How to get specific text from a pdf

Hello all,
I am trying to get particular text(QuoteNumber) from a pdf from a folder called ‘Data’ in my current directory. I am using anchorGetDatafromPDF.xaml (6.8 KB) base to get my text but somehow i am not getting the desired output.Kindly help me out.

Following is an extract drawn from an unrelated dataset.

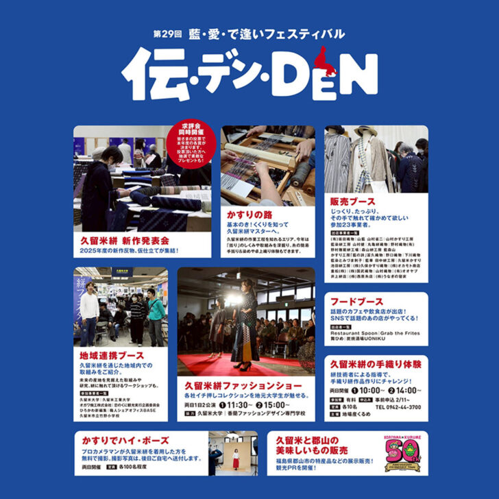 福岡:久留米地域地場産業振興センター「伝・デン・DEN (第29回 藍・愛・で逢いフェスティバル)」2026.03.14-03.15

Below is the pdf image for reference.


Thanks in advance.

1 Like

Hi @BXP

Use read pdf text with ocr activity and pass the value as string

Use is match and pass the input as strinput and pattern as (?<=QUOTE NUMBER:).* you ll be only that value

Thanjks
Ashwin S

1 Like

Hi @BXP,
Its tough to find using anchor base it may not be right.
1.Use the read PDF with OCR or Read PDF Text Activity from the pdf activities package in the manage packages.
2.Then you can extract the required text from the output string.
Cheers.
If you find it useful mark it as solution and close the thread.
Any queries ping me bro…
Vashisht.

Hello @AshwinS2,
Thanks for your suggestion, I am working on this so after the condition in Is Match satisfies i am getting the result as boolean but how do i get the Quote number next to it?

Regards,
BXP

Hi @BXP,
you can use the split function

@BXP,

I have created a workflow based on your requirement.
Please unzip the folder and check it out whether it is giving solution or not.

Thanks,
Mohanraj.SSplit.zip (268.1 KB)

1 Like

hello @Vashisht @Mohansadaiyapillai,

My pdf document has two pages with multiple line, so its hard to use split function.

Thanks,
BXP

Can you share the PDF?

Hey,

I dont have the access to share the pdf but i can send you the .txt file extracted from pdf.

Regards,
BXP

Hi @BXP

Try to use Flexi Abby if you have multiple format of pdf?

cheers :slight_smile:

Happy learning :smiley:

3 Likes

Yeah please share the txt file

Hello @Vashisht ,

The issue is resolved, i used Read PDF Text activity and converted to string and later used Regex to get that particular text from the pdf text.
In Assign activity

QuoteNo=System.Text.RegularExpressions.Regex.Match( PdfData,“(?<=QUOTE NUMBER:).*(?=DATE:)”).value

Then i got my quote number.

Regards,
BP

2 Likes

This topic was automatically closed 3 days after the last reply. New replies are no longer allowed.